*** Block opens ***

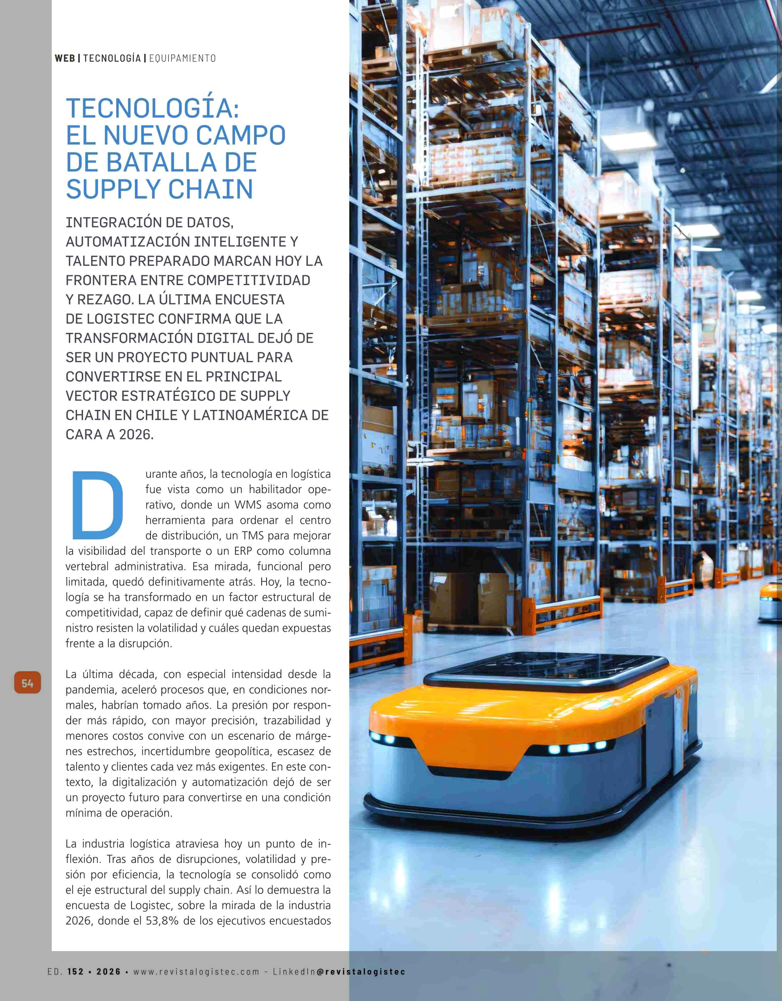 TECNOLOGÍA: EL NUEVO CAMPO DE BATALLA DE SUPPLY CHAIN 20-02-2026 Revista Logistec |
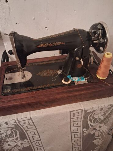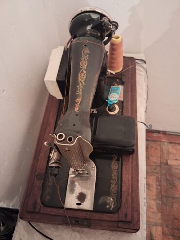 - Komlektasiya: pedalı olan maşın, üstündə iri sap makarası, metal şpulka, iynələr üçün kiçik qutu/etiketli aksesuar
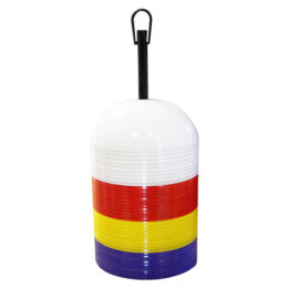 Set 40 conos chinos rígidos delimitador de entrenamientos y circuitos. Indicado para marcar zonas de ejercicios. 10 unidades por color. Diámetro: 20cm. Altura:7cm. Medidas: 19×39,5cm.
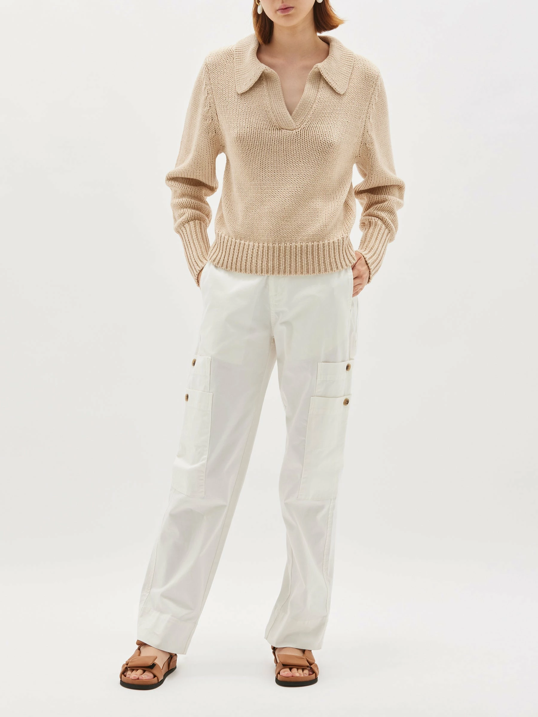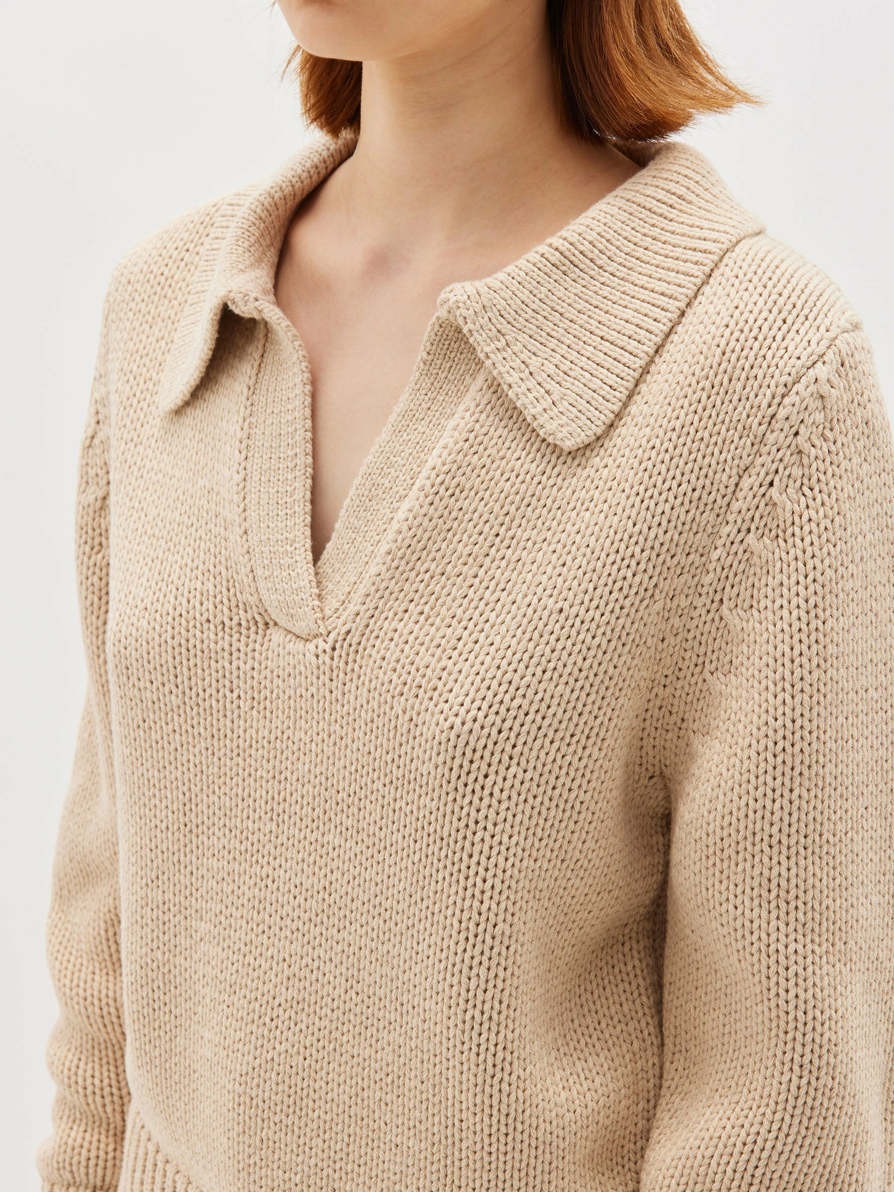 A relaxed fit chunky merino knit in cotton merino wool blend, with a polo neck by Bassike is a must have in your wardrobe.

*** Block closes ***

◆ **WORK TASK**: The answer is the full listing above, repeated exactly, with its pictures removed.

◆ **RESPONSE AREA**:
 TECNOLOGÍA: EL NUEVO CAMPO DE BATALLA DE SUPPLY CHAIN 20-02-2026 Revista Logistec |
 - Komlektasiya: pedalı olan maşın, üstündə iri sap makarası, metal şpulka, iynələr üçün kiçik qutu/etiketli aksesuar
 Set 40 conos chinos rígidos delimitador de entrenamientos y circuitos. Indicado para marcar zonas de ejercicios. 10 unidades por color. Diámetro: 20cm. Altura:7cm. Medidas: 19×39,5cm.
 A relaxed fit chunky merino knit in cotton merino wool blend, with a polo neck by Bassike is a must have in your wardrobe.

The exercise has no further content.